Jack White, lider co najmniej trzech popularnych kapel, które sporo namieszały w ostatnich latach w rockowym światku, wypowiedział ostatnio ciekawe słowa na temat kobiet i ich wpływie na twórczość zespołów.
Wg Jacka obecność płci pięknej zawsze korzystnie wpływa na atmosferę panującą w kapeli. Pewnie wiele w tym racji, bo wystarczy przypomnieć sobie eksplodujący poziom testosteronu i ambicji, rozbijający klimat wielu kapel, że wspomnę tylko o Deep Purple z okresu Mark II, czy The Beatles, którzy po kilku latach sukcesów, nie mogli na siebie patrzeć.
Jack White stwierdził w jednym z ostatnich wywiadów:
– Gdy płeć piękna pojawia się w studiu, przynosi to same korzyści. Kobiety wnoszą nowe pomysły, a poza tym łatwiej się z nimi pracuje. Natychmiast znikają wszystkie te niepotrzebne kłótnie obecne między facetami. Myślę, że każdej kapeli przydałaby się jakaś kobieta.

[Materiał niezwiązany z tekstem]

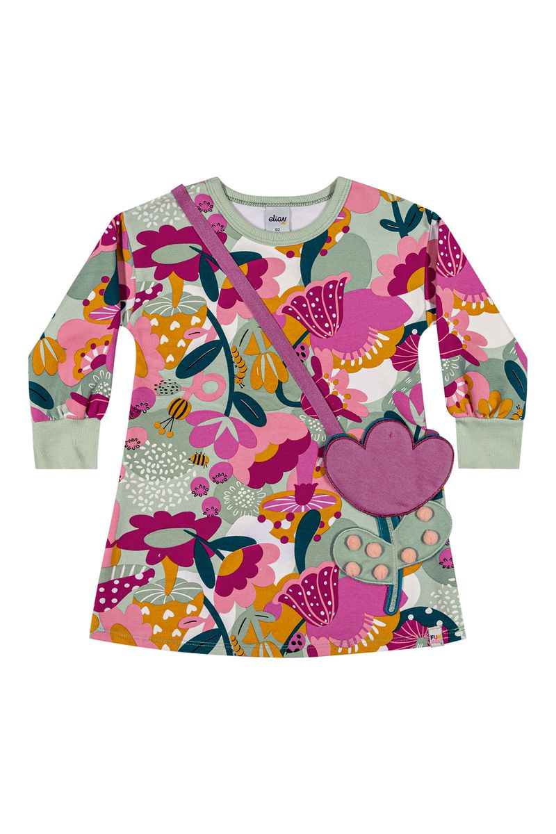 Vestido Infantil Manga Longa Floral Com Bolsa Elian Verde REF: 232107-5664

Nawet jeśli miałaby ona być tylko inżynierem dźwięku.
Możemy mu wierzyć, bo z trzech kapel w których gra – The White Stripes, The Dead Weather oraz The Raconteurs, płci pięknej nie zawiera tylko ostatnia z wymienionych, a z ukochaną Meg White współpracuje owocnie cały czas.